Их могут поймать по дороге. И потом, когда они уже будут в подвале, могут обнаружить. Но у них другого выхода нет. А она, соглашаясь им помочь, подвергает свою семью опасности разделить их участь…
Пока ей ничто не грозит. Вряд ли она при советской власти была, как немцы это называют, «коммунистической активисткой». А вот за укрывательство сбежавших из гетто ей грозит смерть.
И все же он должен, обязательно должен с нею поговорить…
Вечером, когда он плелся в колонне с работы — такой усталый, что и скрыть это, наверно, не хватит сил, — он решил ни Аннушке, ни сыновьям их разговора не пересказывать. Только обнадежить, что она обещала подумать, посоветоваться с мужем. А сам разговор… Не такой уж он был простой, чтобы его повторить. Потому что совсем нелегко это — свою беду взвалить на другого человека. Как ни оправдывайся перед самим собой, что не ты повинен в этой беде… Хорошо хоть, что она сразу не отказалась. Что обещала подумать.
II
А что ей было делать?
Болесловас только и знает, что ворчать. Буркнул: «Кто дергал за язык?» — и храпит себе спокойно. А она уже полночи без сна.
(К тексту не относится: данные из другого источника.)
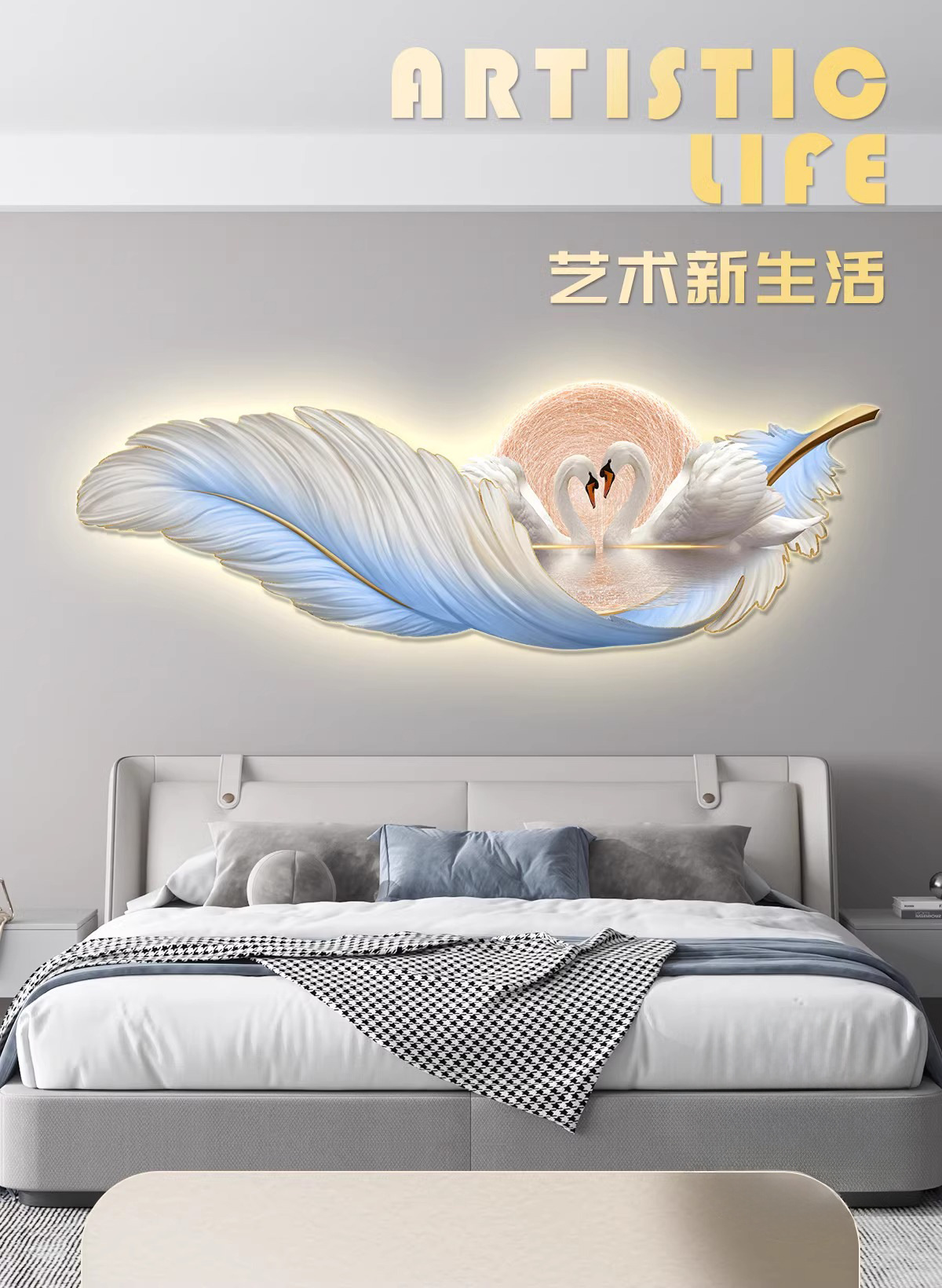 가벼운 고급 따뜻한 침실 침대 옆 장식 그림 깃털 백조 led 분위기 빛 그림 교수형 그림 방 마스터 침실 벽 벽화

Никто не дергал. Но не камень же у нее вместо сердца, чтобы слушать, как такой человек — сколько детей он за свою жизнь вылечил — убивается, что эти изверги расстреляют его маленького внука, и не сказать, что есть заброшенный подвал. Больше ничего она не говорила. И в сушилку больше не пошла. Доктор сам ее разыскал. Даже в грузчики, в его-то годы, напросился, чтобы найти ее. Потому что в этом подвале единственная его надежда на спасение. А как говорил… «Понимаю, пани Моника, что подвергаю вас опасности. И если бы речь шла только о моей жизни…»
Не могла она, когда у человека такое положение… И ведь ничего еще не обещала. Только подумать.
Но думай — не думай… Тут как на весах — на какую сторону положишь, та и перетянет. А она уже который раз перекладывает.
…Если эти люди будут тут рядом, в подвале, она изведется от страха, что немцы их найдут. А когда найдут, то не поверят доктору, будто он сам догадался, что подвал уцелел. Тем более не мог он узнать, что вход туда откопали. Значит, кто-то ему рассказал. А кто? Сразу заподозрят ее: живет в соседнем доме, из окна кухни даже виден кусок той лестницы, под которым вход; работают они теперь с доктором на одной фабрике. А если еще кто-нибудь видел, как они разговаривали? Немцы не посмотрят на то, что она католичка. Раз помогала евреям — погонят в лес вместе с ними.
Спаси меня, Господи! Спаси, Господи! Она быстро перекрестилась. И дверь перекрестила. И окно. И печь. Как покойница мать, — чтобы нечистая сила через порог не вошла, в трубу не влетела, в окно не заглянула. Отец, бывало, смеется над ней: «Ты столько молишься, что черти тебя давно боятся, сами не заглянут». А мать серьезно так объясняла: «В лунную ночь, может, и не заглянут, а в темную могут перепутать окно».
Наверно, поэтому Моника еще с детства не любит темноты. Хорошо, что Болесловас перед сном раздвигает эти черные шторы затемнения. Правда, одно название, что шторы, — старое крашеное покрывало. Но когда они закрывают все окно, кажется, что и от света Божьего, и от всего живого отгородились. А видеть, хоть и ночью, надо. И свои стены, и небо за окном. И луну. При ней на самом деле не так страшно.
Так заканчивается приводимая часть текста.